A sempre pessoas que criticam a nossa colonização portuquesa, pelo modo de como se tornou uma colonia de exploração e decorente a isto a metropole ficava cada vez mais rica , e se talvez o tratado de tordesilhas exigise que após a linha imaginaria de Cabo Verde (350 leguas) fossem do lado oeste pertenceria a Portugal e leste a Espanha no caso o Brasil estaria nas terras pertencentes aos espanhóis, séra que a nossa coloniazação séria melhor ? Não iria a ver nehum tratado de methuen , no qual foi consedido entre a Inglaterra e Portugal que pediu para os ingles espulsarem os holoandeses de sua colonia , mas isto obteve um alto preço pois no periodo da meneiração o ouro do Brasil foi para a Inglaterra , uma alta devida que Portugal teve que pagar durante anos .
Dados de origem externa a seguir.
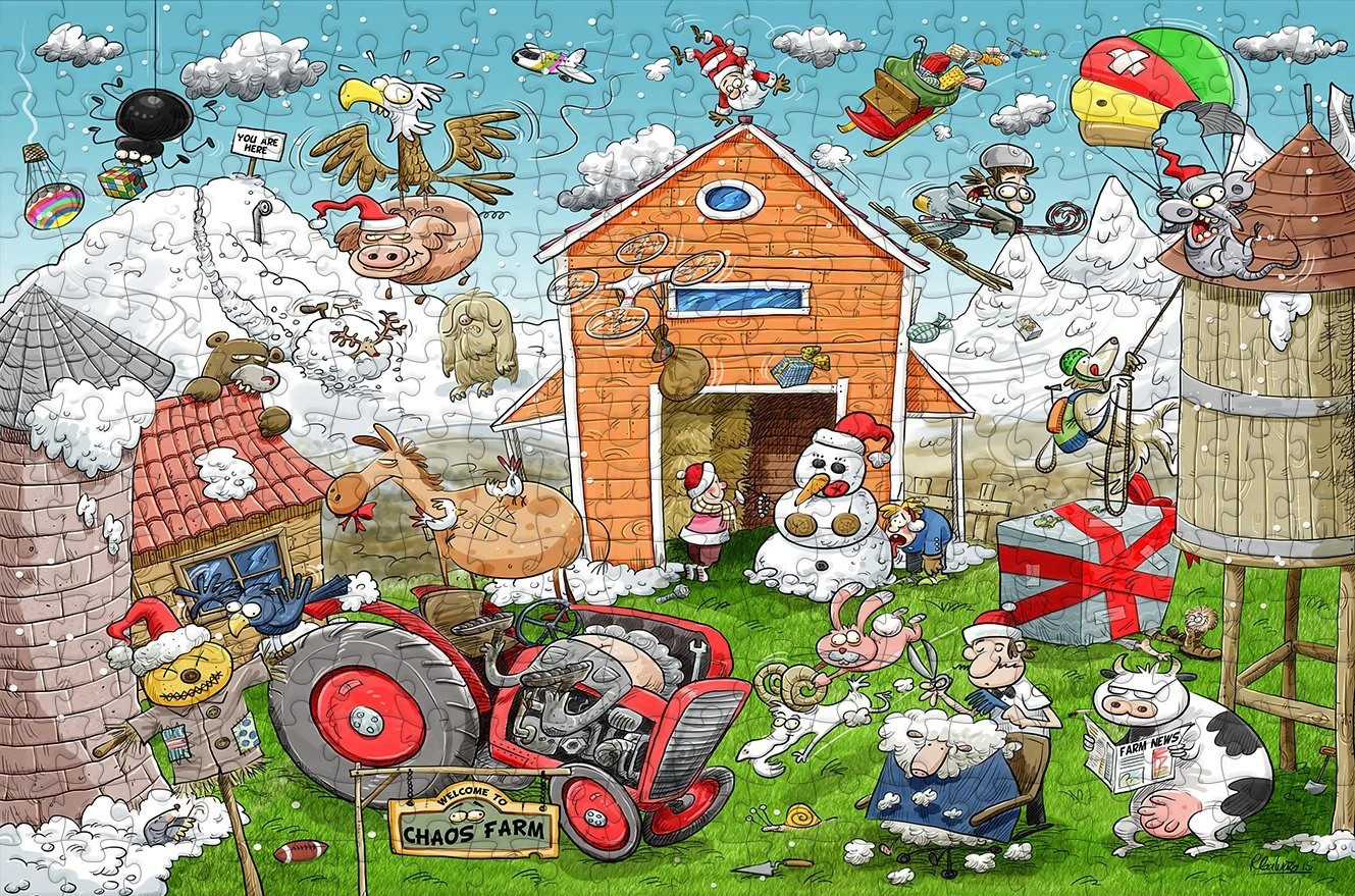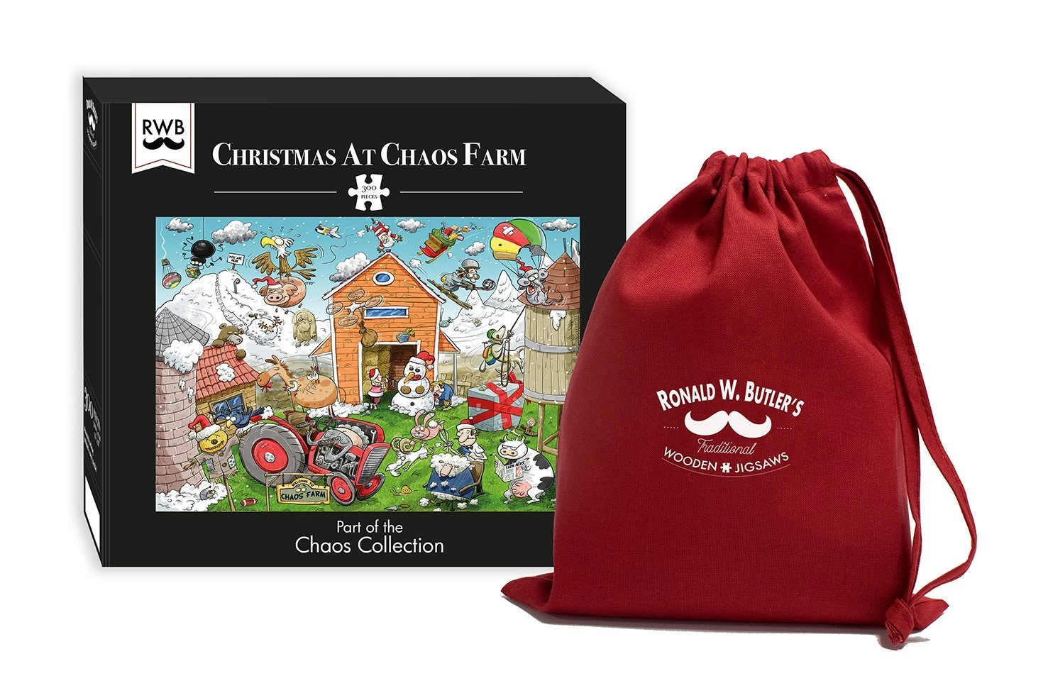 Christmas at Chaos Farm is a funny and festive 300 Piece Wooden Jigsaw Puzzle.
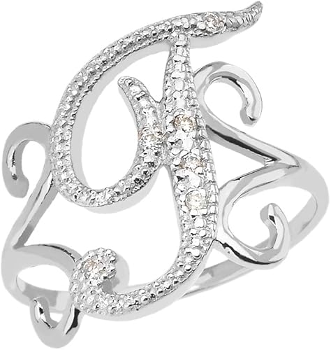 Amazon Com 14k White Gold Modern Cursive T Diamond Initial Ring
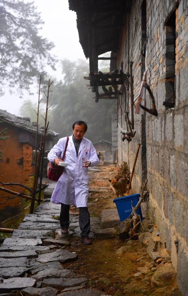 Li Qinru, a 54-year-old village doctor who works in the village of Zaoshi in Jiangxi province, has served in his post for 36 years. In that time, he has worn out over 200 pairs of shoes and walked more than 10,000 mountain roads.
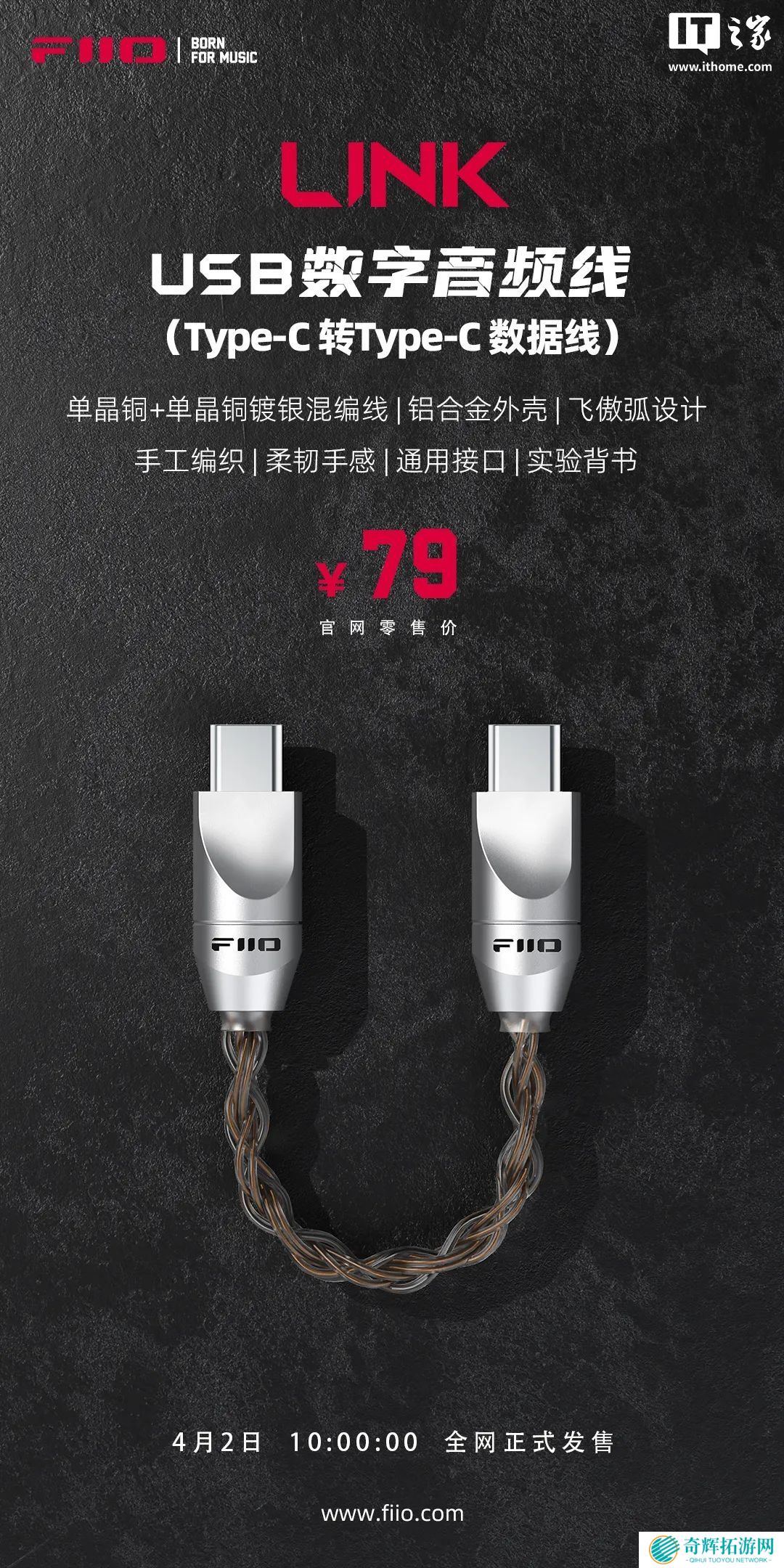 本站 4 月 3 日消息,飞傲推出一款 USB(Type-C 转 Type-C)数字音频线 LINK,新品现已在京东、天猫等线上线下购买渠道开售,官方售价为 79 元人民币。这款数字音频线的插头外壳为
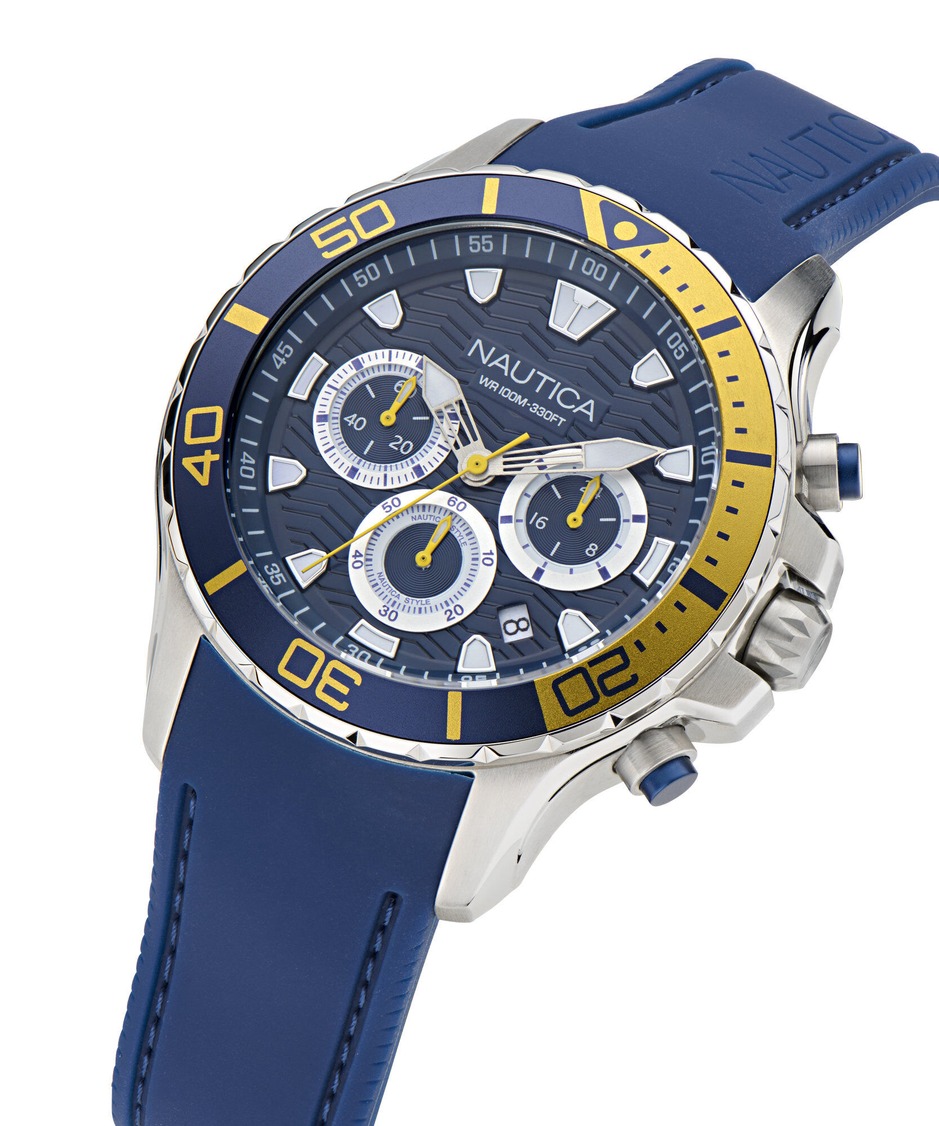 • Men's Nautica Sporty NST Chronograph Blue Silicone Strap Watch NAPNSS501
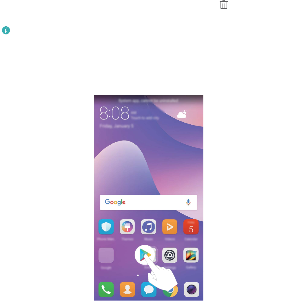 Si mantiene pulsado el icono de una aplicación y no se crea un acceso directo, signica que la
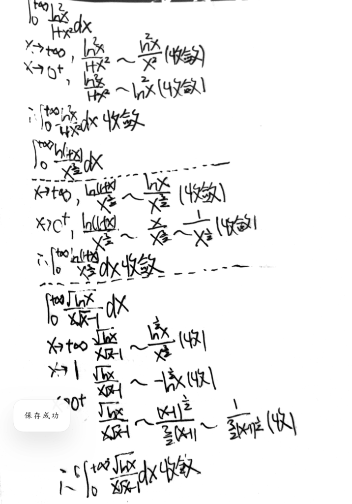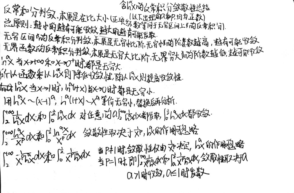 含有lnx的幂函数比较特别点,在这里有如下的敛散性总结,可以实现秒杀😂
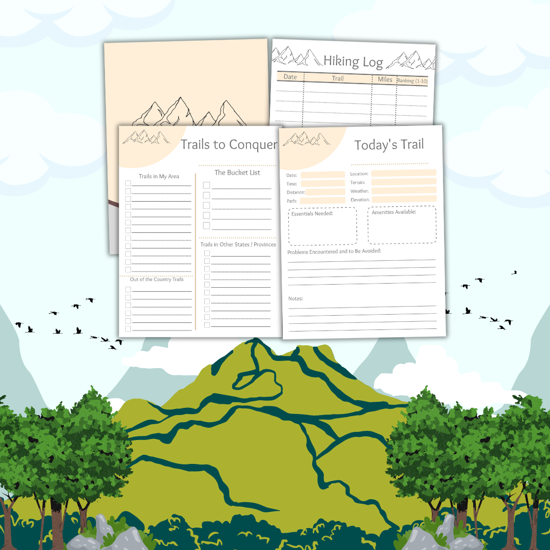 It is designed to enhance your hiking journey by providing you with a detailed Hiking Trail page to plan and record your excursions. The Trails to Conquer page allows you to set and achieve your hiking goals, while the Today’s Trail page keeps you organized and prepared for your daily hikes.
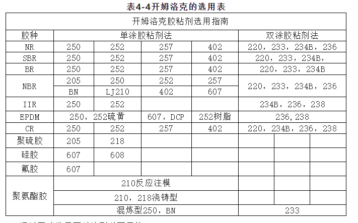 1,胶种,胶种不同粘结难易程度也不同。通用橡胶的粘结性能差异,可用可粘性指数表示,极性橡胶优于非极性橡胶,开姆洛克与橡胶粘结规律如下:(ch233,ch234b,ch236,ch238
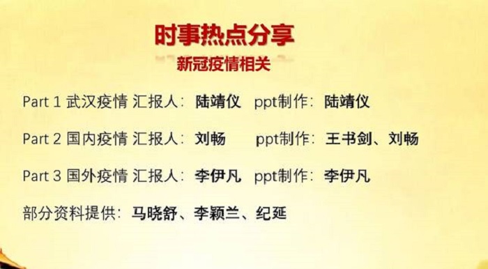 2020年4月11日晚7点,爱爱啦 本科生党支部在会议平台上召开了第二次线上时事分享会。本次会议由党支部书记苏茹昕同学主持,党支部第一小组参与,并由李伊凡小组成员带来新闻播报。 全体人员合唱国际歌后,小组成员开始进行时事汇报,他们这次的主题是与新冠疫情,尤其与国内、国外防疫抗疫相关。 首先陆靖仪同学对武汉疫情进行了阐述,为大家展示了解封后的武汉街道图片并解释了数字赋能、流量扶持等概念含义。他表示解封并不等于解防,打开城门不等于打开家门,一些无症状患者仍具有传染性,具有传播风险。 接着刘畅同学概括了国内疫情的现状,最后李伊凡同学针对“最富的国家却无法给你一副口罩”、“我国暂时减少境外输入”、“2800万医保覆盖盲区;1000万新增失业人群”、“姗姗来迟的大规模检测&各自为政的抗疫举措”等话题表达了自己的观点,并期望在今天,让我们花些时间去听远方的哭声。 在小组汇报结束后,大家就这次主题进行了讨论,纷纷表达了自己的看法,比如,“现在大家对于疫情仍不能掉以轻心”,“美国经济结构对于疫情防控的影响”,“抢口罩现象引发的思考”等等。 本次时事分享会顺利结束! (本科生党支部李军 供图供稿) |

Mas e se isto tudo não tivesse acontecido e os holandeses tivessem permanecido aqui no brasil ?
Talvez a economia da colonia melhora-se ?
A cultura holandesa no periodo poderia se expandir , ao contario dos portugueses, os holandeses eram curiosos e queriam pesquisar plantas da região , animais , aspectos na vetação
Ai fica a questão qual seria o melhor pais a coloniazar o Brasil a Espnha ou a Holanda ?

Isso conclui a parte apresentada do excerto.